START Extracted information

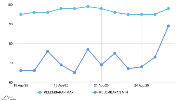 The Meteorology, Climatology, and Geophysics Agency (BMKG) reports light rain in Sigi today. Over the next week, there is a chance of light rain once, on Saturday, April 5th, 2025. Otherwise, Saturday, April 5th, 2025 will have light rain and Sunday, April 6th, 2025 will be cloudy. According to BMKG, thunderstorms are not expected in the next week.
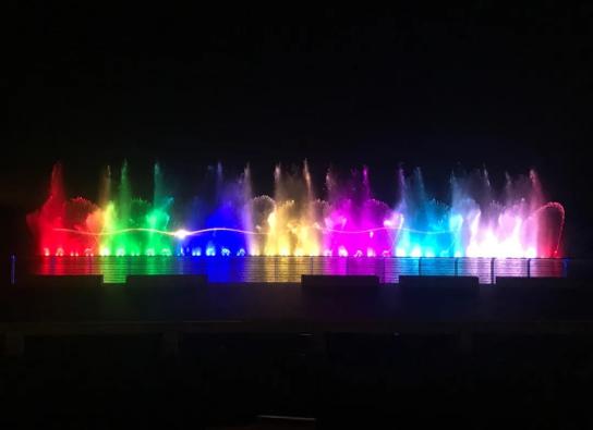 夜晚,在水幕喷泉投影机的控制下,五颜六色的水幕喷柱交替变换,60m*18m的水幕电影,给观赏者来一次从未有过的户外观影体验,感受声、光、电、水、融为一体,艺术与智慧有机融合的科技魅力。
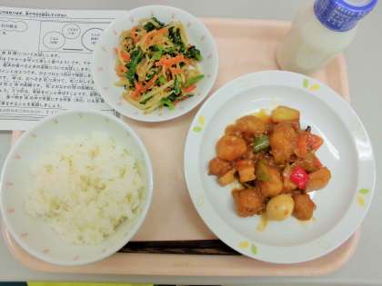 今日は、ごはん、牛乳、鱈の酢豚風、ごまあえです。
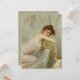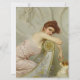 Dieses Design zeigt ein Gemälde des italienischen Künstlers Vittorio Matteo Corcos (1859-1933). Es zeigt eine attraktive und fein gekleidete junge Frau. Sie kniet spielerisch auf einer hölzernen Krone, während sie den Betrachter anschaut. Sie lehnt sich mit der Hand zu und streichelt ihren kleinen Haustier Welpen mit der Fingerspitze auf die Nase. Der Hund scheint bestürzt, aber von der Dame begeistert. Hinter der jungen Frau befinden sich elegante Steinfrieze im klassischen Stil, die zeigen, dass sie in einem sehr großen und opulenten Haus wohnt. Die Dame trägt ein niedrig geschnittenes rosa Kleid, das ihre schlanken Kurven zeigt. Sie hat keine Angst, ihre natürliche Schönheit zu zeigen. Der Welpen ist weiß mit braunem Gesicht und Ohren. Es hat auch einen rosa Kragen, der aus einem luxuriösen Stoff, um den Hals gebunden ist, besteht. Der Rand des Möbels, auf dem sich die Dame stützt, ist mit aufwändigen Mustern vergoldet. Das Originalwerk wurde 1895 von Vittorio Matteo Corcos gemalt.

END Extracted information
START Extracted information

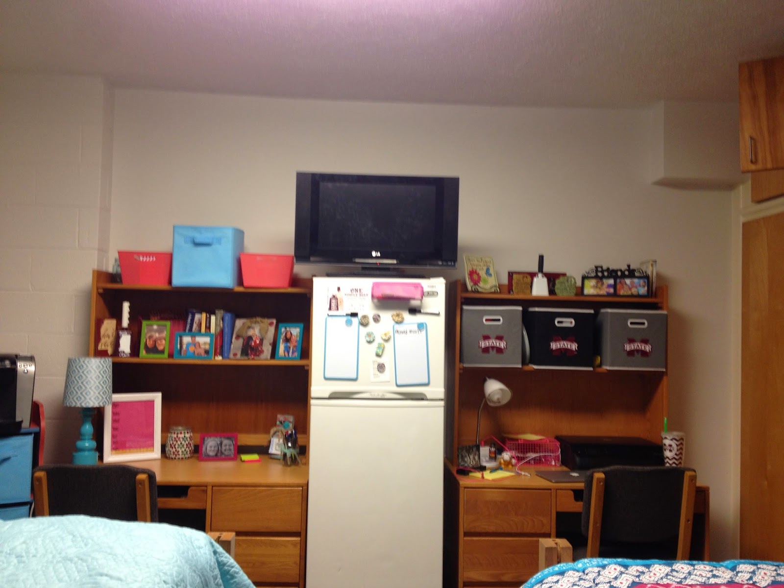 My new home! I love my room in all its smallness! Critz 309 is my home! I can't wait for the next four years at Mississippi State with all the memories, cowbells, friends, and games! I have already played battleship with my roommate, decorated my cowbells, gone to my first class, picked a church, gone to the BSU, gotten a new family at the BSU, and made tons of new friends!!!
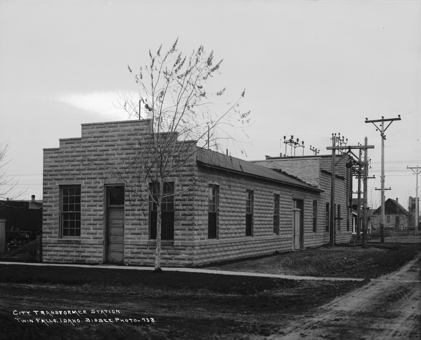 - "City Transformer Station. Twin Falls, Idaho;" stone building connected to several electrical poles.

END Extracted information

Beginning with the line above that contains "The Meteorology, Climatology, and" and finishing with the line that contains "今日は、ごはん、牛乳、鱈の酢豚風、ごまあえです。", print those lines exactly and only. Skip all pictures.

Exercise result:
 The Meteorology, Climatology, and Geophysics Agency (BMKG) reports light rain in Sigi today. Over the next week, there is a chance of light rain once, on Saturday, April 5th, 2025. Otherwise, Saturday, April 5th, 2025 will have light rain and Sunday, April 6th, 2025 will be cloudy. According to BMKG, thunderstorms are not expected in the next week.
 夜晚,在水幕喷泉投影机的控制下,五颜六色的水幕喷柱交替变换,60m*18m的水幕电影,给观赏者来一次从未有过的户外观影体验,感受声、光、电、水、融为一体,艺术与智慧有机融合的科技魅力。
 今日は、ごはん、牛乳、鱈の酢豚風、ごまあえです。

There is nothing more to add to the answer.